• Recorded data:

"""

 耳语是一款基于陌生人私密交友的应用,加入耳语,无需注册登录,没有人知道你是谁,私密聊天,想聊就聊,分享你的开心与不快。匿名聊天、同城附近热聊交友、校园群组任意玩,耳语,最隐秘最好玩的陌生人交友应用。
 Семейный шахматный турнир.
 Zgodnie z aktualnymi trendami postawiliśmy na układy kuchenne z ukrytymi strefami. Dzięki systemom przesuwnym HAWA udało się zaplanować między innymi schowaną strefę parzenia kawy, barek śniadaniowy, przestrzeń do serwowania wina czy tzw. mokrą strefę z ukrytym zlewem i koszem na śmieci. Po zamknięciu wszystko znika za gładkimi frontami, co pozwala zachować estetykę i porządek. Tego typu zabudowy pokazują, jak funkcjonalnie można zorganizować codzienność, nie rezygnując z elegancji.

"""
"""

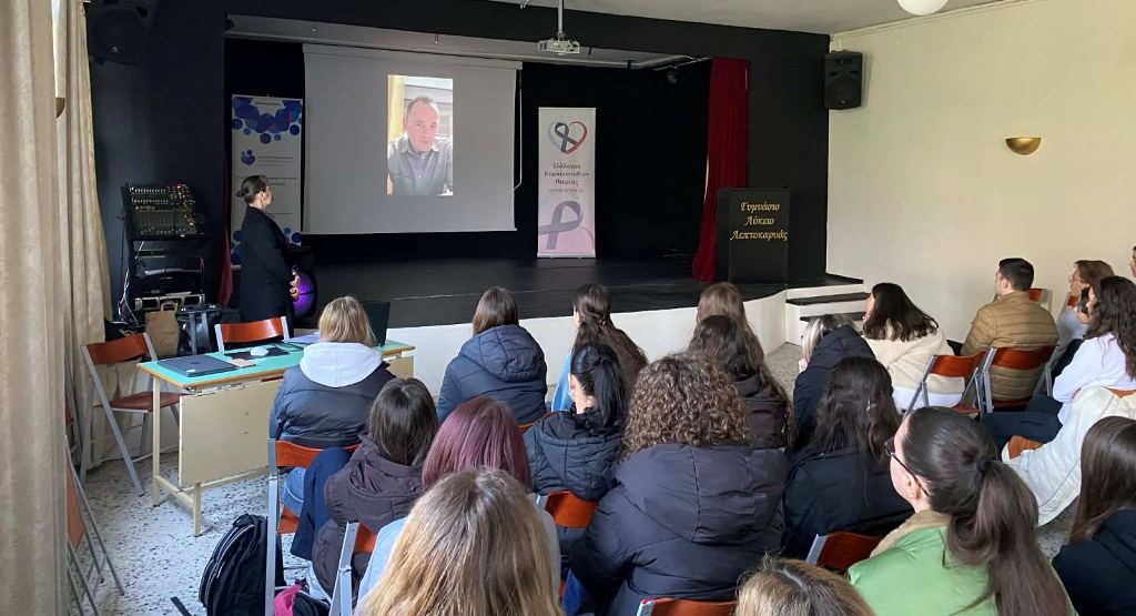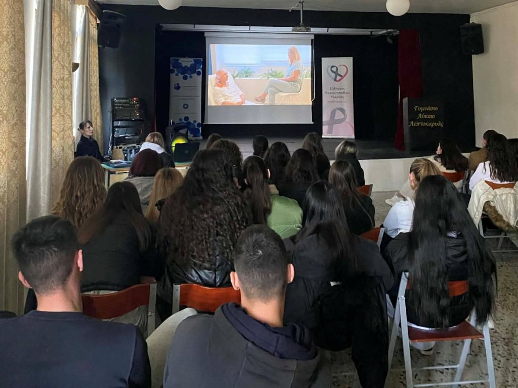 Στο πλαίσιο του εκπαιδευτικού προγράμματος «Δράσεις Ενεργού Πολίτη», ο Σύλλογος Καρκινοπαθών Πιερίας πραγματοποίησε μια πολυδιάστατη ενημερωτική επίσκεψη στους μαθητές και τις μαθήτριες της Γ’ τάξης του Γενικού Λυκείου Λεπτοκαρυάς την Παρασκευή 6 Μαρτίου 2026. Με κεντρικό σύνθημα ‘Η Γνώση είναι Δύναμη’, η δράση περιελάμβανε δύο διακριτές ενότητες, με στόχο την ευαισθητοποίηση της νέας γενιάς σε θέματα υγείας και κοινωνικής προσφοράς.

"""

• Exercise instructions: Could you return exactly the stretch of the data above that starts at the line with "耳语是一款基于陌生人私密交友" and ends at the line with "Zgodnie z aktualnymi", both lines included?

• Your response:
 耳语是一款基于陌生人私密交友的应用,加入耳语,无需注册登录,没有人知道你是谁,私密聊天,想聊就聊,分享你的开心与不快。匿名聊天、同城附近热聊交友、校园群组任意玩,耳语,最隐秘最好玩的陌生人交友应用。
 Семейный шахматный турнир.
 Zgodnie z aktualnymi trendami postawiliśmy na układy kuchenne z ukrytymi strefami. Dzięki systemom przesuwnym HAWA udało się zaplanować między innymi schowaną strefę parzenia kawy, barek śniadaniowy, przestrzeń do serwowania wina czy tzw. mokrą strefę z ukrytym zlewem i koszem na śmieci. Po zamknięciu wszystko znika za gładkimi frontami, co pozwala zachować estetykę i porządek. Tego typu zabudowy pokazują, jak funkcjonalnie można zorganizować codzienność, nie rezygnując z elegancji.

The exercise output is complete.